Okay, let's just follow the tutorial I guess.

In [None]:
import pandas as pd

main_file_path = '../input/house-prices-advanced-regression-techniques/train.csv' # this is the path to the Iowa data that you will use
iowa_df = pd.read_csv(main_file_path)

Let's see the shape of the data:

In [None]:
iowa_df.shape

And some info too:

In [None]:
iowa_df.describe()

Since there's so many columns, it might be nice to see a list of them:

In [None]:
iowa_df.columns

Yeah, just as expected, a bunch of columns. There's a way of making our analysis more focused by selecting only a few columns. For instance:

In [None]:
iowa_df[['Id', 'LotConfig', 'SalePrice']].head()

Okay, let's see what might be cool to use on use analysis.

(Yeah, still following the tutorial)

In [None]:

reduced_iowa_df = iowa_df[['LotArea', 'YearBuilt',
                           '1stFlrSF', '2ndFlrSF',
                           'FullBath', 'BedroomAbvGr', 'TotRmsAbvGrd']]
reduced_iowa_df.describe()

Now is time for sime Machine Learning it seems.
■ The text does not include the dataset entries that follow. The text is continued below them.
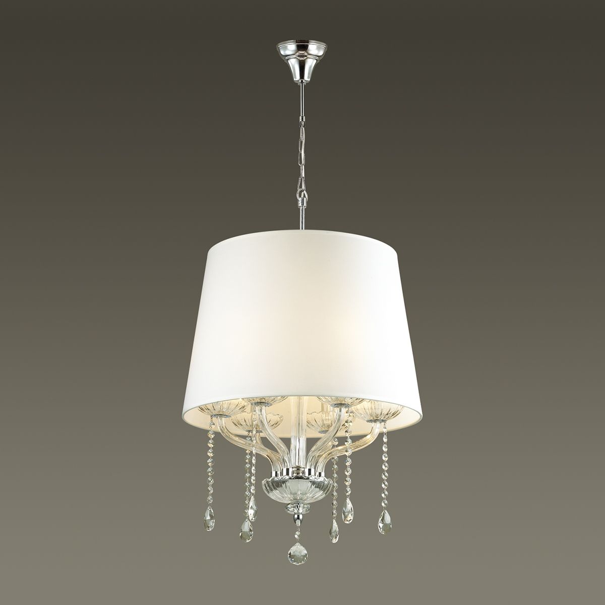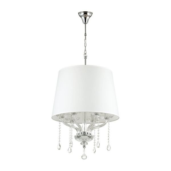 Материалы исполнения арматура, декор: металл, хрусталь; абажур: ткань. Цвет арматуры хром. Плафон в цвете: белый. Декор подвеска, материал декора хрусталь, цвет прозрачный. Люстра Teona состоит из стеклянного основания и обьемного текстильного абажура, об
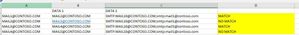 e.g. in Column D, you have MATCH in D2 and NO MATCH in D3, can you explain the logic behind these two desired output? Maybe then I would pick the logic and derive a suitable formula to return the desired output.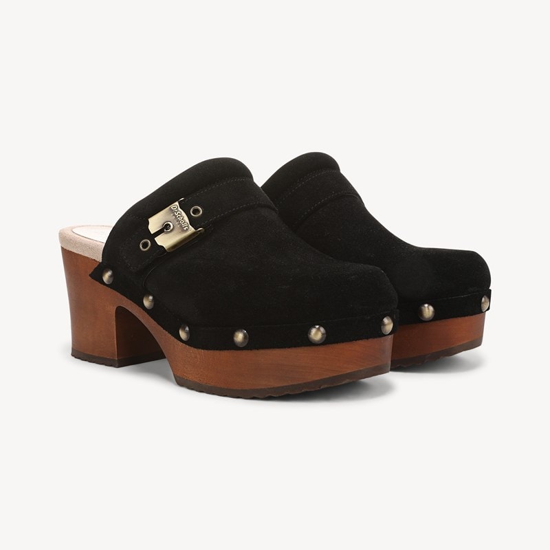 Dr. Scholl's Orig Collection Women's Original Joy Platform Clog Shoes Black Suede Leather DRORG 6.0 M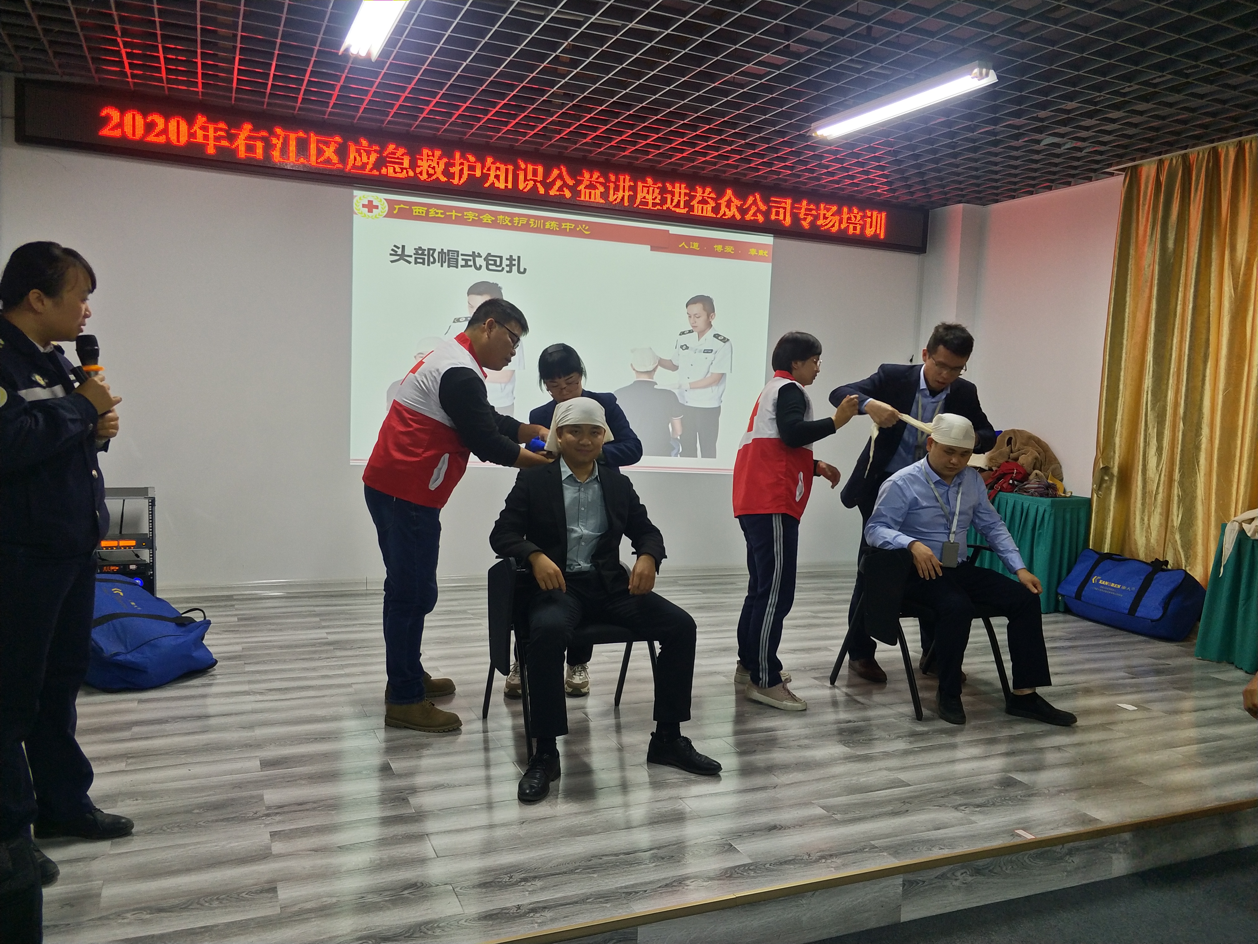 ????????培訓由廣西紅十字會救護訓練中心教務(wù)科長辛健敏老師主講。在培訓中,辛老師介紹了應(yīng)急救護基本知識及心肺復蘇等技能實踐操作,參訓員工們在培訓人員的指導下認真動手演練,通過理論和實操相結(jié)合方式,掌握基本應(yīng)急救護知識技能,并就日常生活中遇到的應(yīng)急救護步驟進行解答。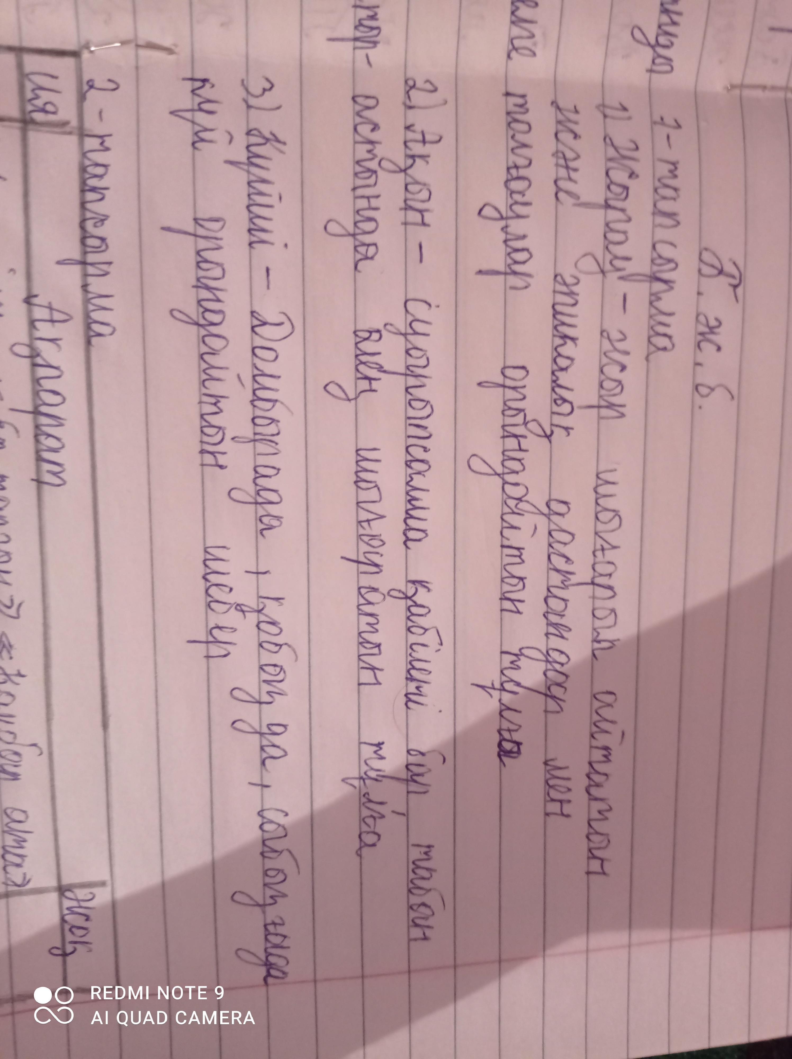 Тапсырма1. Кестеде берілген тұлғаларды анықтамамен сәйкестендір.Тұлға Анықтамасы1. Жырау А. Домбырада, қобызда, сыбызғыда күй орындайтын шебер2. Ақын Ә. Суырыпсалма қабілеті бар, табан астында өлең шығаратын тұлға3. Күйші Б. Жыр шығарып айтатын және эпикалық дастандар мен толғаулар орындайтын тұлға 2. Төмендегі ақпаратты ия/жоқ кестесі арқылы анықта.ия Ақпарттар жоқ 1. Ертегілер: «Ер Тарғын», «Қамбар батыр» 2. Күйлер: «Адай», «Балбырауын», «Ақсақ киік» 3. Эпостық жырлар: «Құламерген», «Ер Төстік» 4. Лиро-эпостық жырлар: «Айман-Шолпан», «Қозы Көрпеш-Баян сұлу» 3. Суретті қолдануда қазақ халқының қолданбалы өнеріндегі 3 жетістігін көрсетіп, сипаттама бер. http://www.taran-musey.kz/tsimgpage/00013997/bimage007.jpg 1_____________________ 2_____________________ 3_____________________ 4. Көшпелілердің шаруашылық өмірінің ерекшеліктерін мәтіннен анықтап жаз. Деректерге сүйенсек, Темір, Ырғыз, Торғай, Атбасар, Ақмола, Қарқаралы уездері жерлерінде жаздық жайылымдар солтүстік бөліктерінде (далалық зона), ал қыстық жайылымдар оңтүстік (шөлейтті) зонада орналасты. Сол себепті бұл аймақты мекендеуші қазақтар өз уездері аумағында көшіп-қонып жүрді. Солтүстік өңірде қысты күндері мал табындарын ұстайтын, қыстаулардан алыс орналасқан жайылымдар болды Қысқы жайылымдарға өзен, көлдердің жағасындағы қамысты алқаптар, тау бөктерлері, кішігірім таулардың оңтүстік беткейлері, орманды жерлер немесе құмның ішіндегі жерлер таңдап алынды. Жазы салқын ауасы, шөбі мол, ауыз су мен мал суғаратын судың жеткілікті болатын, шыбын-шіркеудің жоқтығымен ерекшеленген жерлерге қоныс тепті.1.............................................................................................................................................2.............................................................................................................................................3............................................................................................................................................. 4..............................................................................................................................................

First, let's define the Prediction Target:

In [None]:
y = iowa_df.SalePrice

And we need the predictors too, which will be used to guess the target:

In [None]:
X = reduced_iowa_df

And now, the training!

In [None]:
from sklearn.tree import DecisionTreeRegressor
iowa_model = DecisionTreeRegressor()
iowa_model.fit(X, y)

And it is done it seems!

Still following the guide, we'll test the model with the dataframe used in it's training, just to get the feeling I guess.

In [None]:
print('Predicting the price for the following houses:')
print(X.head())
print('And using the model we just obtained, we have:')
print(iowa_model.predict(X.head()))
print('And if you are curious, here we have the real values:')
print(list(y.head()))
print("Yeah... seems pretty good! But of course, if it wasn't, I guess we would have a problem...")

Given the expected value, we can check the error in some predictions using mean_absolute_error, a pretty convenient function:

In [None]:
from sklearn.metrics import mean_absolute_error
mean_absolute_error(y, iowa_model.predict(X))

Welp, that doesn't seems so bad. Still, we are using the training data to check for errors, so something small is about the expected. Now the tutorial teaches us about the train_test_split function, that takes our training dataframe and breaks it into other dataframes, so that we can test the model without having skewed results.

Seems fairly simple:

In [None]:
from sklearn.model_selection import train_test_split
train_X, validation_X, train_y, validation_y = train_test_split(X, y, random_state = 0)
iowa_model = DecisionTreeRegressor()
iowa_model.fit(train_X, train_y)

And now, testing the model on data external to our sample, we have:

In [None]:
print(mean_absolute_error(validation_y, iowa_model.predict(validation_X)))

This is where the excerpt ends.